With the EU's General Data Protection Regulation (GDPR) comes an unprecedented paradigm shift in data privacy regulation. The new California Consumer Privacy Act of 2018 (CCPA) is another sweeping data-privacy mandate that’s set to further tighten up accountability with consumer data. It’s time to buckle up because it pays to stay compliant.
A flurry of data breach incidents has given rise to serious concerns about the way consumer data is handled. 2017 was dubbed “the year of the data breach,” but 2018 hasn’t come with any glimmer of hope, for attacks from ransomware and other sophisticated malware keep striking businesses and consumers alike.
High-profile incidents disclosed at Target (2013) and Equifax (2017) explain the magnitude of such breaches, which saw countless records of sensitive data -- including personal and financial information -- exposed. This led many to believe that cyber breaches have become the norm across the world, particularly in the United States.
GDPR came as a highly acclaimed global regulatory wake-up call to address this situation. Although the law was enacted to protect all citizens of the European Union, its resulting impact has reached far beyond the EU. It's not that we didn't have enough regulatory compliance measures available, but what has essentially changed with the GDPR is a shift in government priorities and its willingness to legislate to protect individual privacy.
The CCPA, which is slated to take effect July 1, 2020, is proof of GDPR's influence.
This Sea-Change Augurs Well For The New Reality
The digital economy is lucrative yet highly vulnerable. Cybercriminals are relentlessly hunting for vulnerabilities and security gaps and can target sensitive consumer data anytime. By promoting greater emphasis on adherence, security and accountability, California’s new data-privacy regime is influencing fresh thinking in safeguarding consumer data.
Companies now sense greater accountability to protect personally identifiable information (PII). They fear inviting back-breaking, punitive measures if a violation or negligence is found. For example, the CCPA promises to hand out "fines of up to $7,500 per record for violations that aren’t resolved within 30 days" and to possibly, "expose companies to class action lawsuits and the risk of being sued by individuals when guidelines are violated, even when there’s no actual breach."
Rewarding For Businesses And Consumers Alike
The CCPA has a broader definition of personal data than GDPR. However, efforts made to comply with GDPR will prove useful in understanding and meeting regulatory mandates with this new law. Consumers stand to benefit as their concerns will be alleviated with a stricter law, and they will have more power to exercise their rights to access and choice (opting out from consent to share data).

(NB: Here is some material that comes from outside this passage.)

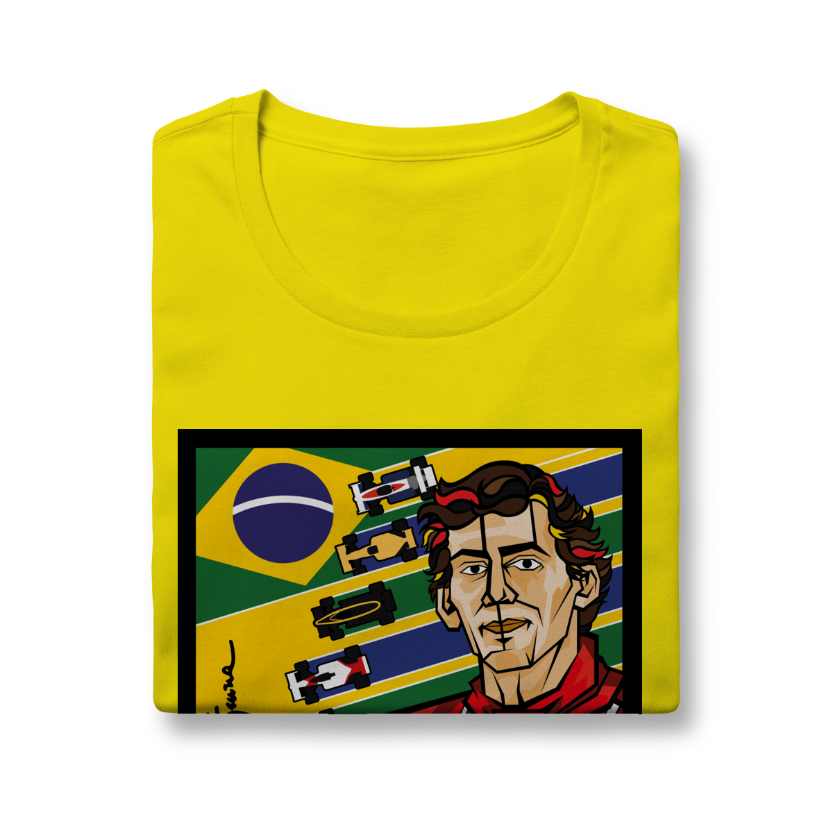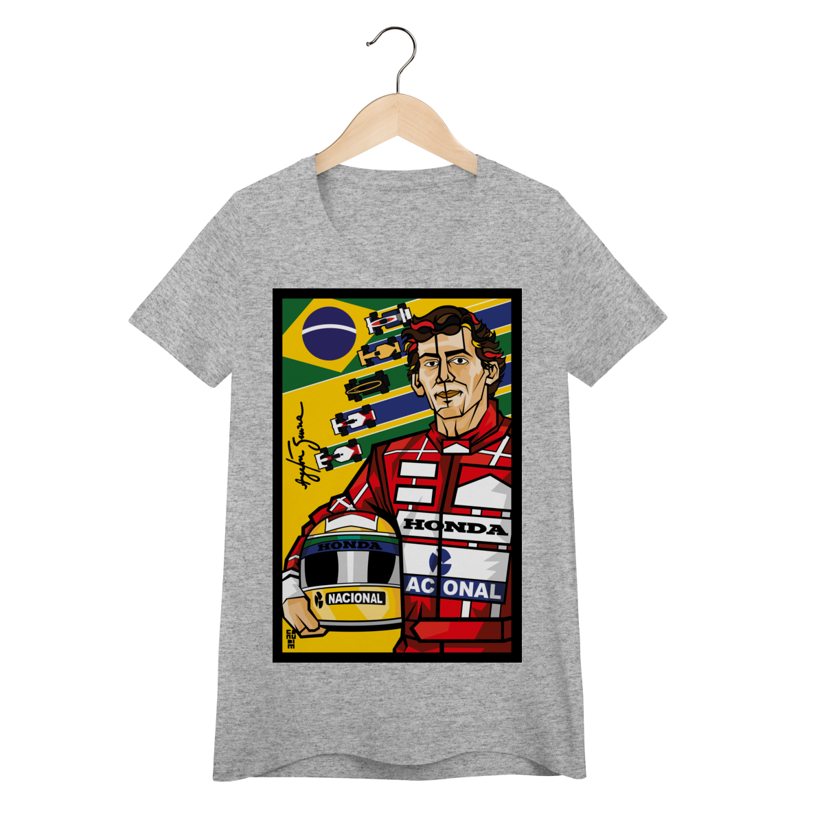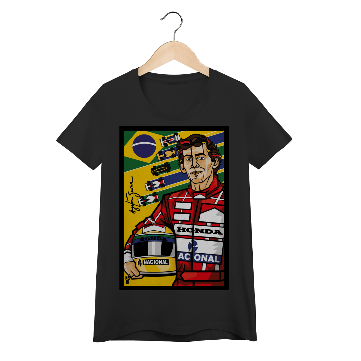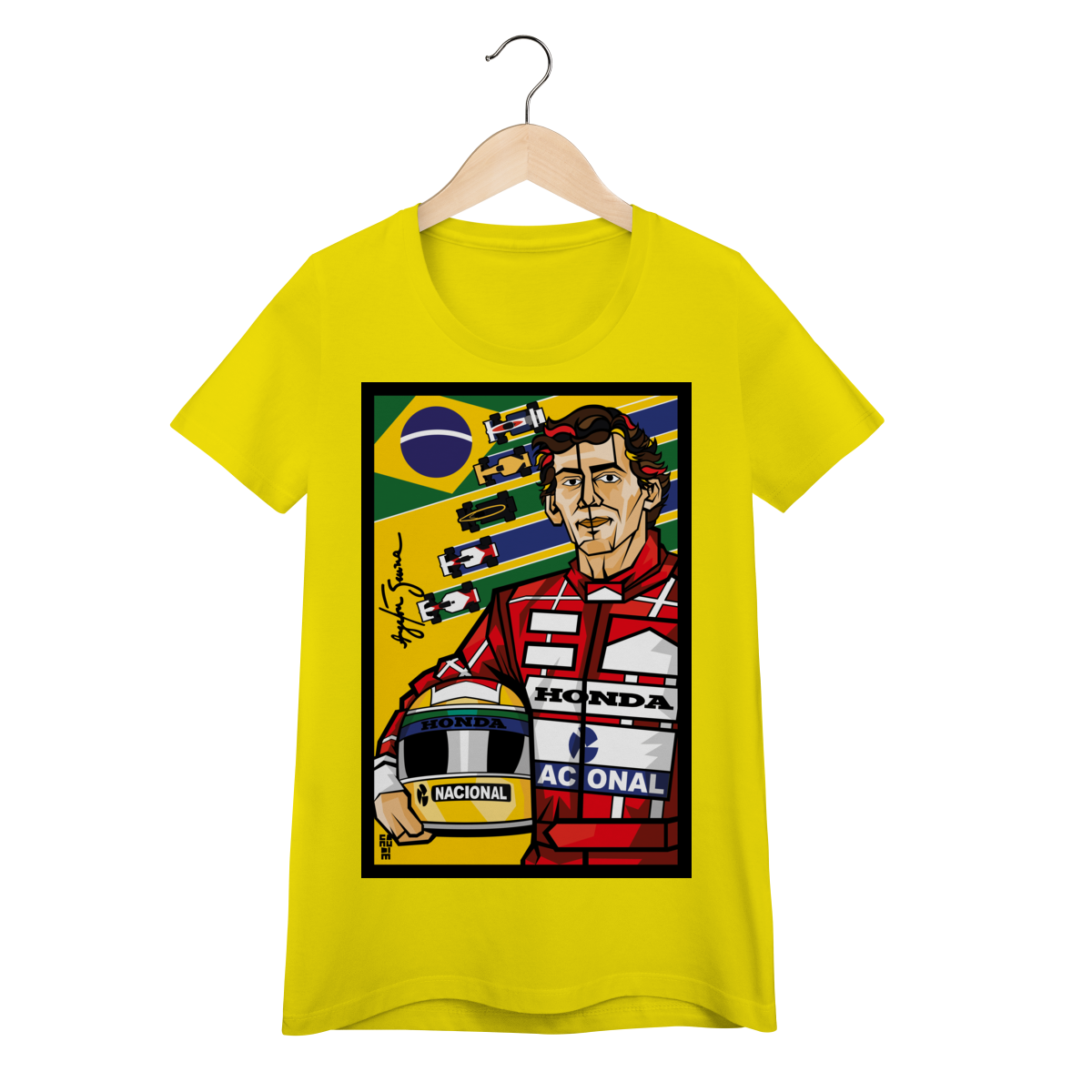Ayrton Senna, ídolo eterno, agora em pop art vibrante. Traços autorais que celebram a velocidade, a emoção e o orgulho brasileiro em uma obra única.

Similarly, businesses will have the opportunity to thoroughly reassess their data collection practices, spot gaps or weaknesses and address them.

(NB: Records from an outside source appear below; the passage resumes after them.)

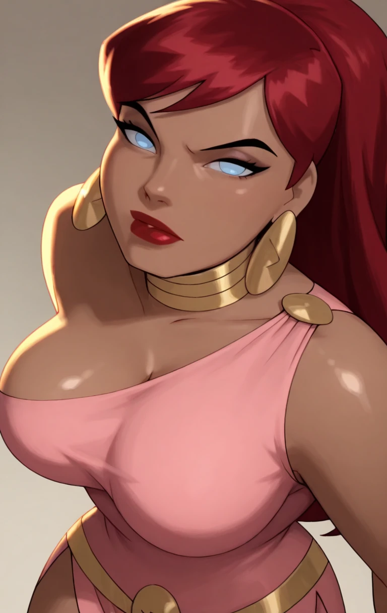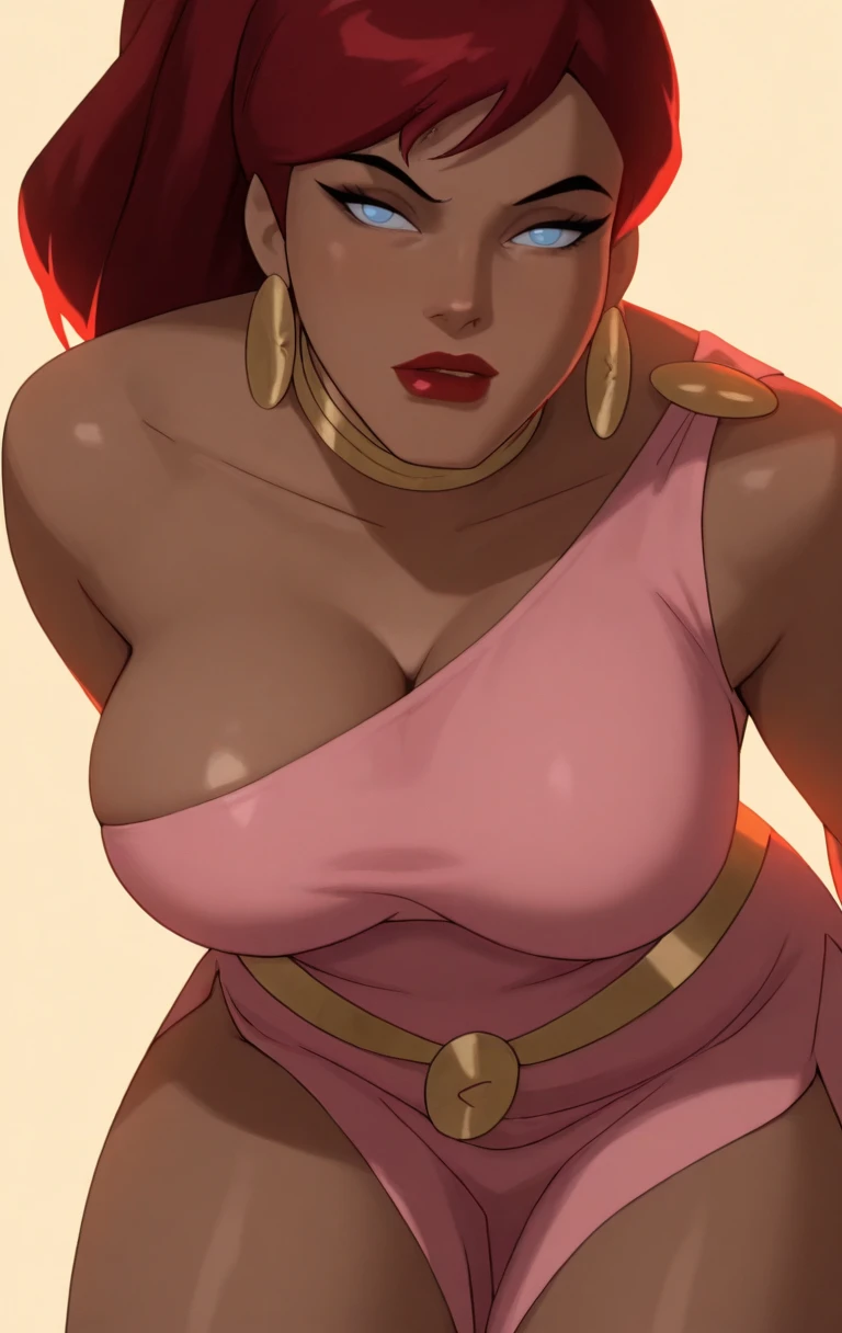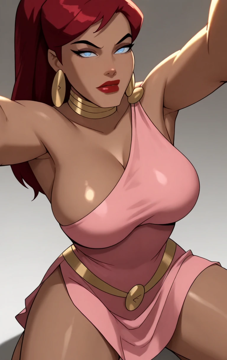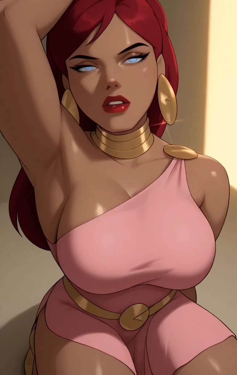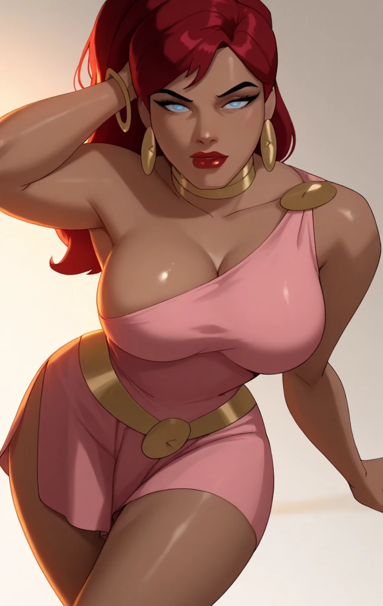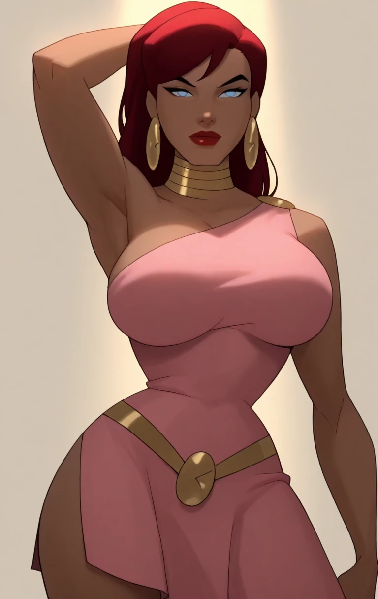1girl, solo, long hair, looking at viewer, blue eyes, simple background, red hair, jewelr, earrings, dark skin, dark-skinned female, turtleneck, thighs, armpits, pink dress, red lips,g1g4nt4,
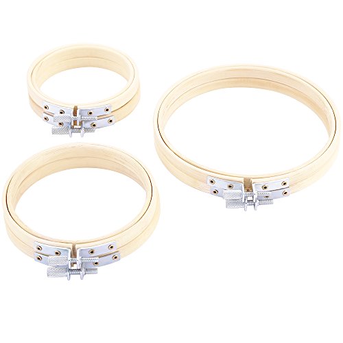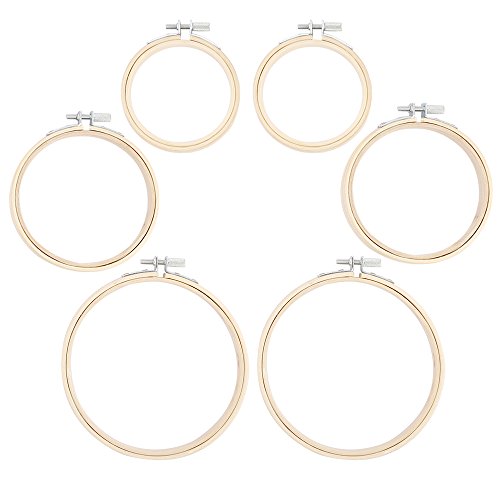 Caydo 6 Pieces 3 Size Kids Small Teaching Embroidery Hoop Set Bamboo Circle Cross Stitch Hoop Ring
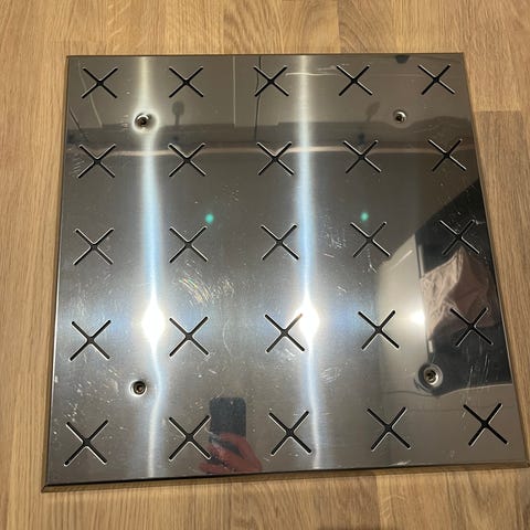 Spændende High Tech opslagstavle i blankpoleret metal.

For every business that is preparing for this new data privacy shakeup, it makes sense to further realize that merely hoarding more and more data, without a clear use or data privacy and security plan, can have its own risks. Rationalizing the amount of data a business collects can not only reduce potential exposure but also reduce the associated costs in regard to processing, network traffic and storage. Once you have a clear picture of what actually produces value and where it is collected and stored, you can strategize about how you can manage, process and protect data more effectively.
Whom Does The CCPA Apply To?
The CCPA applies to any for-profit business that falls into one of the following categories:
• If annual gross revenue exceeds $25 million.
• If the business processes personal information (PII) of 50,000 or more California residents, households or devices every year.
• If the business derives at least 50% of gross revenue by selling personal information.
Reimagine Your Approach And Up The Ante In Consumer Data Protection
The new era of privacy regulations is upon us, and it demands an approach that enables data protection by design and by default. Instead of feeling overwhelmed, take a deep breath, thoroughly analyze your readiness, identify sensitive data, weed out incompatible practices and implement encryption and similar security measures to enforce highly monitored usage and access.
Remember that this is about establishing compliant processes and systems so that your business can securely manage data and, more importantly, provide access to data, delete data when required and share specific information on the sharing or sale of any personal information.
It is also important to address the weakest link in the chain in managing and securing sensitive data -- users themselves. Ensure you train any employees who might be responsible for data and also extend training to third parties and partners to ensure they follow best practices.
This will not only bode well for your consumers but, more importantly, it will help you curtail potential financial risk and unwarranted disruption that might arise from further data privacy norms.